Старший ефрейтор Фернандо Лунес сидел у бочки с остывшим супом. Он смотрел на ложку, как на оружие. За день они потеряли ещё шестерых. Один — задохнулся в блиндаже. Второго разорвало на мины. Третий стрелял себе в подбородок, но остался жив — без языка.
— Мы больше не армия, — сказал кто-то. — Мы — приговор.
Фернандо поднялся, бросил ложку.
— Мы — остаток нации. Если мы упадём — с нас сотрут имя.
Он сам не верил. Но слова были нужны.
В госпитале на холме были только свечи. Электричества не было. Медики выжимали спирт на раны прямо из бутылки. Один из санитаров сошёл с ума — надел повязки себе на голову и шептал: «я умер, не трогайте меня».
В палатке для смертников лежала Изабель Рамос. Девочка-доброволец. Радистка. Ей было девятнадцать. Мина снесла ей обе ноги, когда она бежала с шифровкой.
— Мама... — шептала она. — Я же хотела просто жить… просто жить…
Старший врач держал её за руку. Через пятнадцать минут она умерла.
— Запишите: героически. Но внутри мы все знаем — по-скотски. Без права на слёзы.
Ночью британцы вновь атаковали. На этот раз — с фланга. Они шли, как тени, с приборами ночного видения. Аргентинцы стреляли на звук. Иногда — друг в друга. Один пулемётчик перебил свой расчёт. Потом — себя.
Фернандо держал позицию у старого каменного креста. Одна пуля — в плечо. Вторая — по каске, срикошетила. Он не чувствовал боли. Только ярость.
Когда подошли враги — он метнул гранату и бросился с ножом. Успел. Двоих. Но сам упал — в грязь, в кровь, в тьму.
Его нашли через два дня. Раненого, еле живого. Под телами. Он бредил. Говорил на языке, которого никто не знал.
— Он от шока, — сказали врачи. — Но, чёрт возьми, он выжил.
14 июня закончился. Начался 15-й. Но это был уже не календарный день. Это был — ад.
По рации пришёл приказ: капитуляция. Командование сдало позицию.
— Что значит «сдалось»? — спросил кто-то. — А мы? А те, кто умер?
Один солдат вышел из укрытия, глядя в небо:
— Это всё? Это всё, что мы стоили?
И вдруг разрыдался. По-настоящему. Захлёбываясь, стоя на коленях.

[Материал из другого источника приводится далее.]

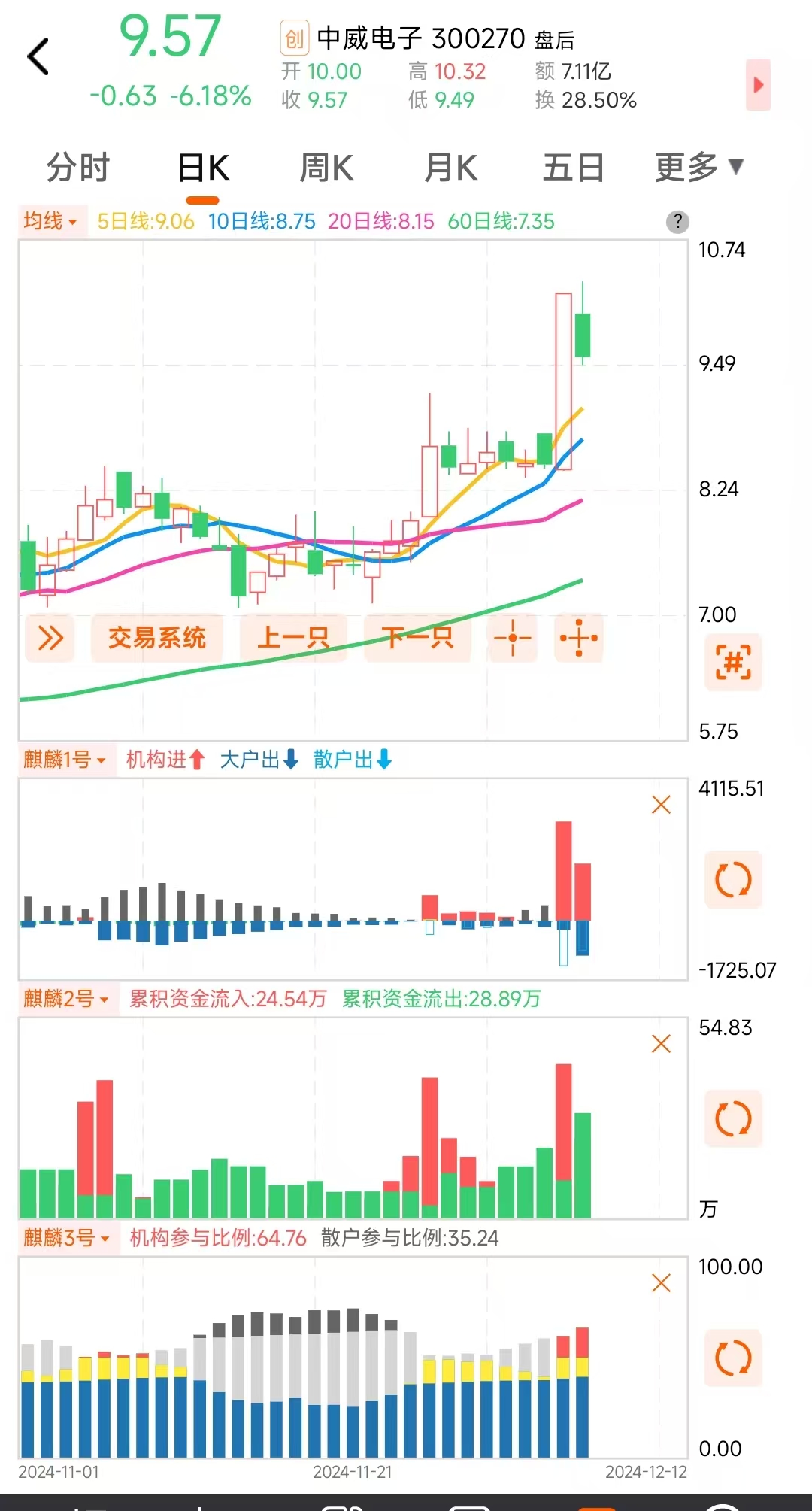 结合上麒麟指标结合上麒麟1号翻红多日,3号机构持仓比例不断增加也出现翻红,主力资金依旧强势,指标能辅助选出有主力资金参与的股票,增加我们的成功率。

Потом начали плакать другие.
Потому что это был конец.
Не только войны. Конец веры. Конец иллюзий. Конец юности.
На следующий день британцы вошли. С оружием — но без стрельбы. Кто-то отдал честь. Кто-то плюнул в землю.
Фернандо, лежа на носилках, прошептал:
— Мы проиграли не бой… мы проиграли надежду…
И где-то на окраине лагеря висел флаг — порванный, прожжённый, но всё ещё держащийся.
Флаг Аргентины.
С ним — и всё, что осталось.
Глава 7.
После капитуляции наступила тишина, хуже выстрелов. Солдаты сидели в окопах, как мёртвые. Некоторые продолжали держать оружие, хотя патронов не было. Некоторые жевали землю — не от голода, а чтобы не закричать.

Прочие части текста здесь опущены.